Он был большим мастером по части плетения рыболовных сетей, которые он уверенно называл лучшими в мире; у себя в бунгало он изготовлял также кибоко — бичи из носорожьей шкуры. Шкуры он покупал у африканцев или у фермеров на озере Наиваша и умудрялся разрезать одну шкуру на целых пятьдесят бичей. У меня до сих пор хранится сделанная им плеть для верховой езды, на которую я не могу налюбоваться. Правда, его занятие сопровождалось нестерпимой вонью; все его бунгало приобрело запах, источаемый гнездом хищной птицы. Позднее, когда я выкопала пруд, его чаще можно было застать на берегу, где он предавался углубленным раздумьям, отбрасывая небольшую тень, как морская птица в зоопарке.
Во впалой старческой груди Кнудсена билось простое, яростное и вспыльчивое сердце, как у мальчишки, то и дело ввязывающегося в драки; это был неисправимый романтик и боец. Он постоянно кипел ненавистью к кому-то, гневался почти на всех людей и на все учреждения, с которыми был хоть как-то связан, призывая на их головы и крыши небесный огонь и, как принято говорить в Дании, «рисуя на их стенах чертей» в прямо-таки микельанджеловской манере.
Ему доставляло огромное удовольствие натравливать людей друг на друга, подобно тому, как мальчишки любят стравливать собак или напускать собаку на кошку. Я была изумлена и восхищена тем, что старик Кнудсен сохранил душевные силы для негодования и вражды, хоть прожил трудную жизнь, на закате которой оказался в тихой гавани, где мог бы спокойно свернуть паруса. Это был то ли вечный сорванец, то ли неистовый скандинав-берсерк, но в обоих случаях его нельзя было не уважать.

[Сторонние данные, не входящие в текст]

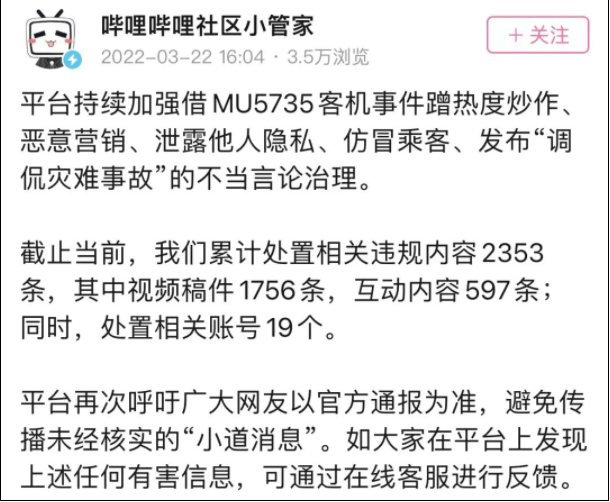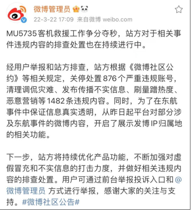 同日,@微博管理員 發(fā)布通告,①關(guān)停處置876個(gè)嚴(yán)重違規(guī)賬號(hào);②清理1482條違規(guī)內(nèi)容;③對(duì)部分涉及東航事件的微博內(nèi)容,開啟了展示發(fā)博IP歸屬地的相關(guān)功能。

О себе он говорил исключительно в третьем лице, как о «Старом Кнудсене», и вечно сопровождал свои рассказы безудержным хвастовством, Казалось, в мире не осталось ничего, чего Старый Кнудсен ни попробовал бы на зуб, ни одного непобедимого чемпиона, которого он ни свалил бы с первого удара. Говоря о других людях, он проявлял безнадежный пессимизм и предрекал всем их начинаниям скорое и заслуженное крушение. Зато на собственный счет он испытывал не менее безоговорочный оптимизм. Незадолго до смерти он, заставив дать клятву держать язык за зубами, посвятил меня в грандиозный план. Целью плана было долгожданное превращение Старого Кнудсена в миллионера и окончательное посрамление всех его недругов. План состоял в том, чтобы поднять со дна озера Наиваша накопившееся там спокон веку гуано водоплавающих птиц. Сделав последнее колоссальное усилие, он совершил путешествие с фермы на озеро для проработки деталей своего плана, но умер, не доведя дело до конца. В этом замысле было все, что привлекало его в жизни: глубоководье, птицы, спрятанное сокровище, даже некий аромат, из-за которого о подобных вещах не подобает разговаривать с дамами. Его внутреннему взору уже представал Старый Кнудсен, восседающий с трезубцем на горе золота и повелевающий волнами. Не помню, объяснил ли он мне, каким образом собирается поднять гуано со дна на поверхность.